Below is a simple python implementation of a linked list. There is one class `ListNode` that represents a single node in the list, and a class `LinkedList` that holds the "head" of the list and implements a few useful functions. Note that if `node.next` is `None`, that means that there is no list element following that node, i.e. it is the last node in the list.

In [3]:
class ListNode:
    def __init__(self, val, next=None):
        self.val = val
        self.next = next
        
class LinkedList:
    def __init__(self, head=None):
        """ initialize a list with the head ListNode.
            if head is None, the list will be empty.
            Note that defining 'self.tail' here isn't really necessary, as it can be determined
            unambiguously given the head. But keeping track of it it makes things like 
            appending to the list faster.
        """
        self.head = head
        self.tail = head
    
    def append(self, val):
        """ append an element to the end of the list
            if val is a list or tuple, append all values in sequence
        """
        if type(val) in [list, tuple]:
            for x in val:
                self.append(x)
            return
        
        if type(val) != int:
            raise TypeError("Can only append integers!")
            
        if self.head is None:
            # list is empty, initialize self.head with val
            self.head = ListNode(val)
            self.tail = self.head
        else:
            # list is not empty, append new node after self.tail
            self.tail.next = ListNode(val)
            self.tail = self.tail.next
            
    def remove(self, idx):
        """ remove the element at index idx """
        
        if self.head is None:
            raise Exception("Can't remove from empty list")
        if idx==0:
            # handle special case of removing first element
            tmp = self.head
            self.head = self.head.next
            del tmp
            return

        # otherwise, iterate through list until we reach element at idx
        prev = None
        node = self.head
        for i in range(idx):
            if node is None:
                raise Exception("invalid index: "+str(idx))
            prev = node
            node = node.next
        prev.next = node.next
        if prev.next is None:
            # this means we've removed the last element, so need to re-assign self.tail
            self.tail = prev
        del node
        
    def search(self, val):
        """ Search for a node in the list with value val
            Return a reference to that node if one exists, otherwise return None
        """
        
    def insert(self, idx, val):
        """ insert val into linked list at index idx """
        pass
    
    def print(self):
        """ Print a representation of the list to the screen """
        if self.head is None:
            # if there are no elements at all, just print Empty
            print("Empty")
        else:
            # now loop through list until we find the tail (which has node.next==None)
            node = self.head
            while node is not None:
                print(node.val, end='')
                if node.next is not None:
                    print(" -> ", end='')
                node = node.next
            print('')

In [4]:
a = LinkedList()
a.print()

a.append(3)
a.print()

a.append(7)
a.print()

a.append([1,2,3,4])
a.print()

a.remove(2)
a.print()

a.remove(0)
a.print()

a.remove(3)
a.print()

Empty
3
3 -> 7
3 -> 7 -> 1 -> 2 -> 3 -> 4
3 -> 7 -> 2 -> 3 -> 4
7 -> 2 -> 3 -> 4
7 -> 2 -> 3


## Queues
A [queue](https://en.wikipedia.org/wiki/Queue_(abstract_data_type)) is just a special type of array, where you can only add elements to the back of the list and remove them from the front.
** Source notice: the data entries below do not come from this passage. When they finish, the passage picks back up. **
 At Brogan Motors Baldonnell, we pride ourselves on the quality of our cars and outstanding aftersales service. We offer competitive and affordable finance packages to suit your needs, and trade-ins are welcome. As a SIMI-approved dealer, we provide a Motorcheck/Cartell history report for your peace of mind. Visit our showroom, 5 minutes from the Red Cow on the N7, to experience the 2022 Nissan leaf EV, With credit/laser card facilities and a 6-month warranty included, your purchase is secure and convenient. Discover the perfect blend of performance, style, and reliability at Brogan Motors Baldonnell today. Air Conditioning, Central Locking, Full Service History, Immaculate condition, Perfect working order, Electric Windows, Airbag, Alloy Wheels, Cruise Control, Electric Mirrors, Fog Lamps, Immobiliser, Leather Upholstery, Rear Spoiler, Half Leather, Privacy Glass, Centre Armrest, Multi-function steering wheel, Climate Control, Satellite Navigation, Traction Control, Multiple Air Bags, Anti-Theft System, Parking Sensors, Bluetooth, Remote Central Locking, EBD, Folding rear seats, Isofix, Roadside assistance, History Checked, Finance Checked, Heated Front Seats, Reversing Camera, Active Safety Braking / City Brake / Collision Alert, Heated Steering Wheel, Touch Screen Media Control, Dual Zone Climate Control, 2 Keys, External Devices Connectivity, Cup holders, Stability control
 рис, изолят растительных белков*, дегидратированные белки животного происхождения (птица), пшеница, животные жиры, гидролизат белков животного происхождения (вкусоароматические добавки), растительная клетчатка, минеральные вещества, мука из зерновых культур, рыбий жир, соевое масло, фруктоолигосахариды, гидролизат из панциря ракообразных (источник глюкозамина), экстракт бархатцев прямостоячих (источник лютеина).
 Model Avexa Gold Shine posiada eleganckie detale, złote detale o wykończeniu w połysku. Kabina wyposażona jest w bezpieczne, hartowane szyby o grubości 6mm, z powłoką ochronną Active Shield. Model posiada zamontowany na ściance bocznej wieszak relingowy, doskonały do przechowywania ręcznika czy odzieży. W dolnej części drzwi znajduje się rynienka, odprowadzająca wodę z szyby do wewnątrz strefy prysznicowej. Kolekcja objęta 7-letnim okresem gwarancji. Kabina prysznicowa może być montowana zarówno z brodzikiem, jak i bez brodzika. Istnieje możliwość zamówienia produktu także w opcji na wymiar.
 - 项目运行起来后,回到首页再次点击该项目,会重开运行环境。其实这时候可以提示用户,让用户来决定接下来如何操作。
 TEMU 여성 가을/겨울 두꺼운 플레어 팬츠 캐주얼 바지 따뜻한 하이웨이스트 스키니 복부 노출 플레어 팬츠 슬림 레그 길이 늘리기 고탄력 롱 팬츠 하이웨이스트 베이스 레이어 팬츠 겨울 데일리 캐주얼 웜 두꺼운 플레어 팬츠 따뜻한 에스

This is known as "first in first out". Think of it like a line at an amusement park: you can only enter in one spot, at the back of the line, and you can only exit once you get to the front (in theory).
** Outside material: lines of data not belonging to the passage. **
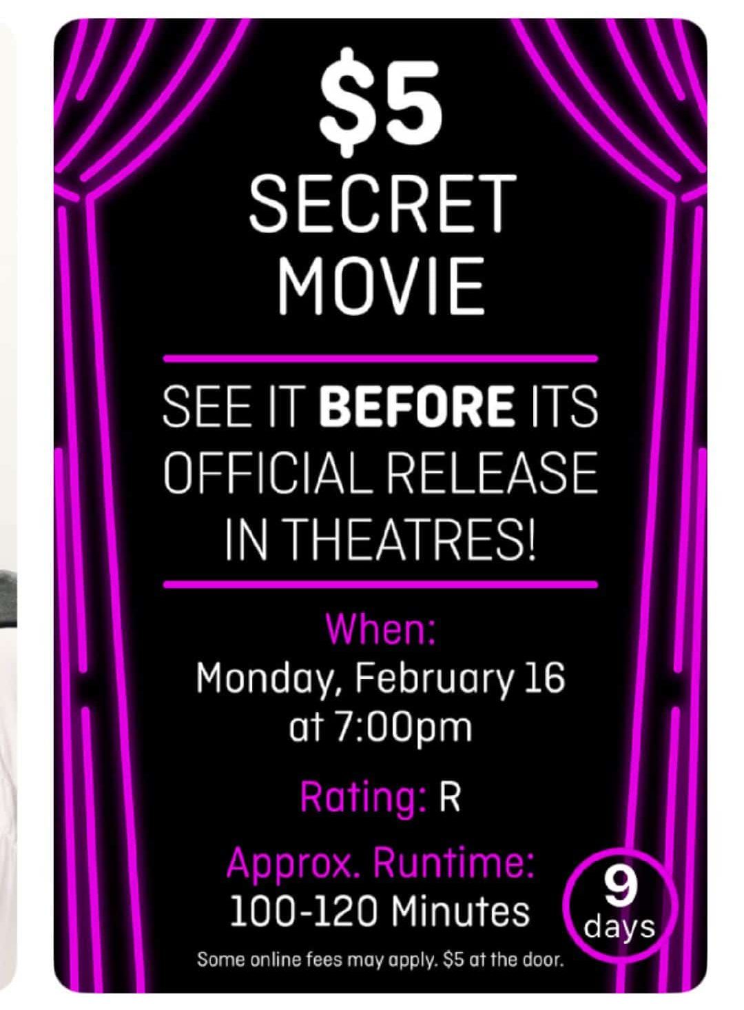 The next secret screening is on February 16, 2026 at 7 p.m. at The Landmark Greenwood Village (5415 Landmark Place).
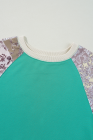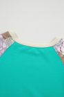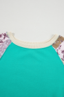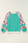 Top Aruba Azul Xadrez Vintage Paisley Patchwork Manga Longa Raglan
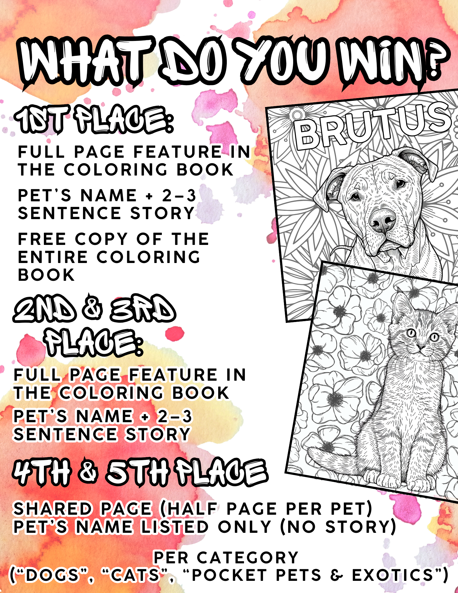 - The first place winners in each category will also receive a free printed copy of the coloring book their pet will be featured in.
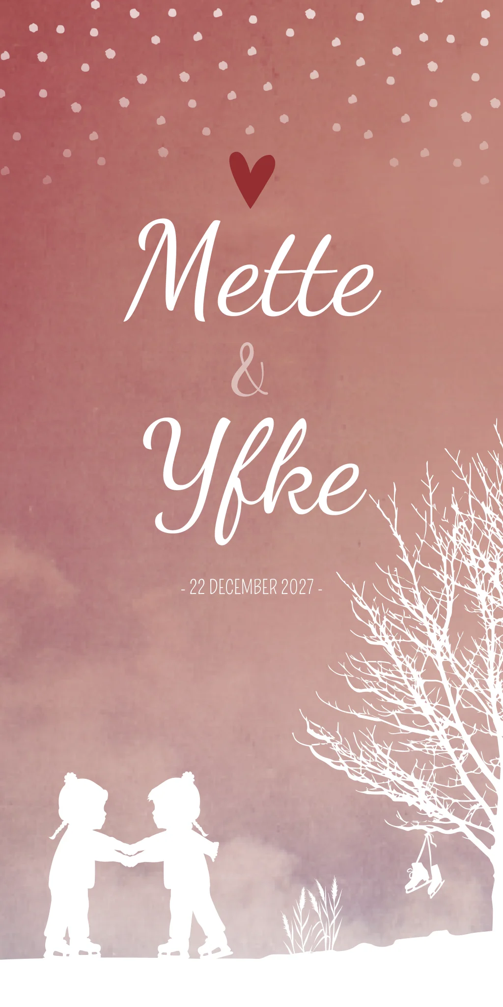 Een winters roze geboortekaartje met een illustratie van twee schaatsende zusjes. Kaartje Mette en Yfke is een perfect kaartje voor de Friezen/schaatsliefhebbers onder ons!
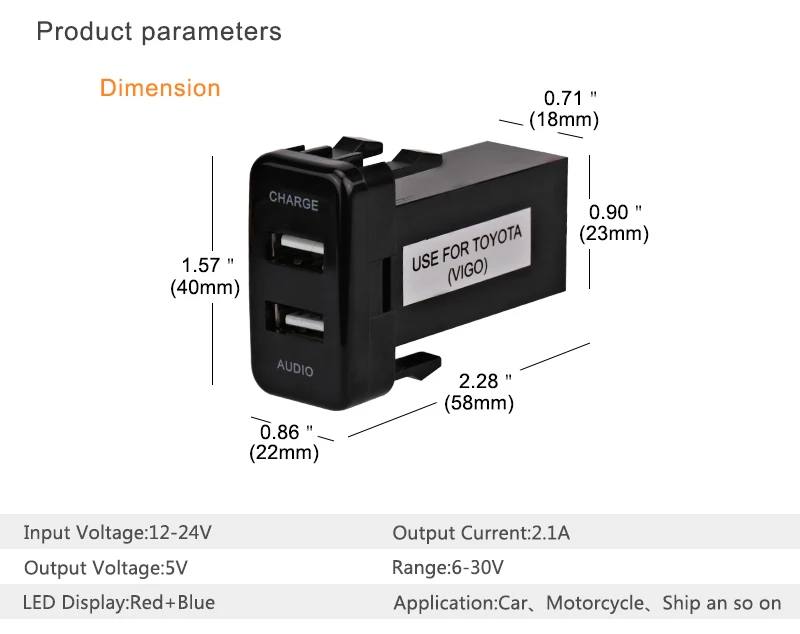 Особенности:100% уникальный дизайн, удобный в использовании.1:1 соответствии с соотношением оригинального автомобильного интерфейса.1 USB 5V 2.1A разъем для зарядки, 1 USB разъем для аудио входа.Может дать источник питания для телефона, планшета и т. Д.Специальный дизайн для Toyota VIGO.Маленький размер и отличная производительность.Прост в установке и удобен в использовании.Спецификация:Материал: АБС-пластикРазмер: прибл. 2,2*4*5,8 см (проверьте наши фотографии)Выход: 5 в 2,1 А (макс.)Посылка Вес: 73g/2,6 ozПосылка включает:1 x Двойной USB разъем для Toyota VIGOОбратите внимание:Из-за ручного измерения размер может отличаться на 1-2 смИз-за различных мониторов цвет может отличатьсяИз-за длительной доставки товар может быть поврежден при транспортировке, если товар поврежден, пожалуйста, свяжитесь с нами, прежде чем оставить отзывы, спасибо за понимание

We can implement it just like a linked list above, but it's actually simpler, because you only have to worry about adding/removing from the front or back. We do not allow insertions/deletions at arbitrary spots.

In [5]:
class Queue:
    def __init__(self, head=None):
        """ same constructor as for LinkedList class"""
        self.head = head
        self.tail = head
    
    def enqueue(self, val):
        """ add value to the back of the list (tail)"""
        
        if type(val) != int:
            raise TypeError("Can only append integers!")
            
        if self.head is None:
            # list is empty, initialize self.head with val
            self.head = ListNode(val)
            self.tail = self.head
        else:
            # list is not empty, append new node after self.tail
            self.tail.next = ListNode(val)
            self.tail = self.tail.next
    
    def dequeue(self):
        """ remove the node at the front of the list (head) and return the value"""
        if self.head is None:
            raise Exception("Cannot dequeue from empty list!")
        tmp = self.head
        self.head = self.head.next
        val = tmp.val
        del tmp
        return val

In [6]:
queue = Queue()
print("Add three numbers to the queue, then dequeue in turn.")
print("Note that they are removed in the same order they are added")
for x in [3,42,100]:
    print("Enqueuing:", x)
    queue.enqueue(x)
print("Dequeuing:", queue.dequeue())
print("Dequeuing:", queue.dequeue())
print("Dequeuing:", queue.dequeue())

Add three numbers to the queue, then dequeue in turn.
Note that they are removed in the same order they are added
Enqueuing: 3
Enqueuing: 42
Enqueuing: 100
Dequeuing: 3
Dequeuing: 42
Dequeuing: 100


## Stacks
A [stack](https://en.wikipedia.org/wiki/Stack_(abstract_data_type)) is similar to a queue, but the guiding principle is flipped to "first in *last* out". So it is like a stack of plates in your cupboard: the one you grab is actually the last one you added to the stack. You would have to remove all of the plates to get to the one that you first added. The usual terms for adding/removing from the stack are "push" and "pop".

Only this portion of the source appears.